National Policy - Assessment

Assessment

The assessment of the National Policy is mixed. In general, economists argue that it increased prices and lowered Canada's efficiency and ability to compete in the world. By not becoming merged into the larger, more efficient American economy, Canada built too many monopolistic firms, and too many small inefficient factories with high prices for consumers. The overall impact was not large because the policy applied only to the manufacturing sector, which played a relatively small role, compared to agriculture, fishing, transportation, mining, lumbering and services, which were not affected by the National Policy.
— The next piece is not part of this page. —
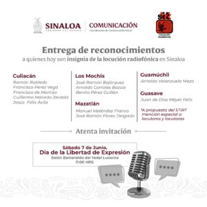 Culiacán, Sinaloa 04 de junio de 2025.- En el marco de la conmemoración del Día de la Libertad de Expresión el próximo sábado 07 de junio, el Gobierno del Estado de Sinaloa, a través de la Coordinación de Comunicación Social y el Sindicato de Trabajadores de la Industria de la Radio y la Televisión delegaciones Culiacán, Mazatlán y Los Mochis, llevará a cabo una ceremonia de entrega de reconocimientos a 12 locutores que son parte de la generación que hoy por hoy es la más antigua, y que han hecho su carrera en las distintas regiones de la entidad.

Historians tend to see the policy in a more positive light, viewing it as a necessary expense to create a unified nation independent of the United States.
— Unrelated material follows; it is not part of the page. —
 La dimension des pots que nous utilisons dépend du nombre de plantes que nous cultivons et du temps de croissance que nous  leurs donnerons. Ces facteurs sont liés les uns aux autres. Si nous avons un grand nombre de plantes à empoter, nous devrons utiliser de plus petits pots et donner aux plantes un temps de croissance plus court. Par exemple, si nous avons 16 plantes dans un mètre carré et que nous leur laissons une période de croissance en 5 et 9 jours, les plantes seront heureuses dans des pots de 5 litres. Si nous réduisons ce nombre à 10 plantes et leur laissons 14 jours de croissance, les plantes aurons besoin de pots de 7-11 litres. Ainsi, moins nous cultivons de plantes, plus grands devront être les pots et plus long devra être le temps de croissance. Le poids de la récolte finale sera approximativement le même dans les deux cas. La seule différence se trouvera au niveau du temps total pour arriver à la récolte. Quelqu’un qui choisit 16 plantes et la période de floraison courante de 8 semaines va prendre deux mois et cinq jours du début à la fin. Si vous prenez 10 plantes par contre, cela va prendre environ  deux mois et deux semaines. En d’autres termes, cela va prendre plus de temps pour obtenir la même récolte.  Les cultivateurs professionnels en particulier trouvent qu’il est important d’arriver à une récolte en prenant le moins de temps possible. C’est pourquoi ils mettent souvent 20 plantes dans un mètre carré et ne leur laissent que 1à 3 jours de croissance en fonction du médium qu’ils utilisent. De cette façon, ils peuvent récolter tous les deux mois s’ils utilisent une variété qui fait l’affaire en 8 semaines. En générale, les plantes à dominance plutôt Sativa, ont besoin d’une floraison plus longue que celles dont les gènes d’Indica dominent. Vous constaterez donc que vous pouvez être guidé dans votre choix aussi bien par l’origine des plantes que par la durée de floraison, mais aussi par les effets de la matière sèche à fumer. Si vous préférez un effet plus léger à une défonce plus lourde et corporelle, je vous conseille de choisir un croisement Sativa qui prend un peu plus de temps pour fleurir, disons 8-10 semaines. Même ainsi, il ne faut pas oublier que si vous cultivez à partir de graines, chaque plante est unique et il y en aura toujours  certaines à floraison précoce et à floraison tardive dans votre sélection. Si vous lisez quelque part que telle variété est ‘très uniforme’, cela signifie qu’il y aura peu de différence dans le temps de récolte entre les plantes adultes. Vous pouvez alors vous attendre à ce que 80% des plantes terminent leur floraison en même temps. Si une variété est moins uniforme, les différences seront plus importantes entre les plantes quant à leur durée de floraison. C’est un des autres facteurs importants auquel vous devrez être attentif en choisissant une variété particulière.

In the years right after the policy was introduced, Canada experienced the same type of economic boom that many other nations experienced, as well as the construction of a manufacturing base and the development of the nation, which is generally what the Tories and economic nationalists use to justify the policy. However, Canada also suffered a net population outflow, as more people emigrated out of Canada (usually for the United States), than arrived as immigrants.
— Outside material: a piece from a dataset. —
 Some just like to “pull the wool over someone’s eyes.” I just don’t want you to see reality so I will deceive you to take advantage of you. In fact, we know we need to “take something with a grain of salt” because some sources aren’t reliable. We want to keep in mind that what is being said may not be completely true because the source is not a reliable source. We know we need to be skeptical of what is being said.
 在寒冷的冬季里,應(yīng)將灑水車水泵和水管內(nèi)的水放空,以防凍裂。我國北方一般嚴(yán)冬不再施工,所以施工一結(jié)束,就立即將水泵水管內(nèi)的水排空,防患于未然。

Eden and Molot (1993) argue that there have been three national policies in Canada: the "National Policy" of defensive expansionism, 1867–1940; compensatory liberalism, 1941–81; and market liberalism, starting in 1982. The defensive expansion phase relied on the tariff, railway construction, and land settlement to build the country. The second national policy combined a commitment to the GATT system, Keynesian macroeconomic policies, and the construction of a domestic social welfare net. Current national policy relies on Canada-US free trade and NAFTA free trade, market-based policies, and fiscal restraint. They argue for a fourth policy called "strategic integration." It would consist of free trade, both external and internal; the building of a national telecommunications infrastructure based on the development and diffusion of information technologies; and human capital development.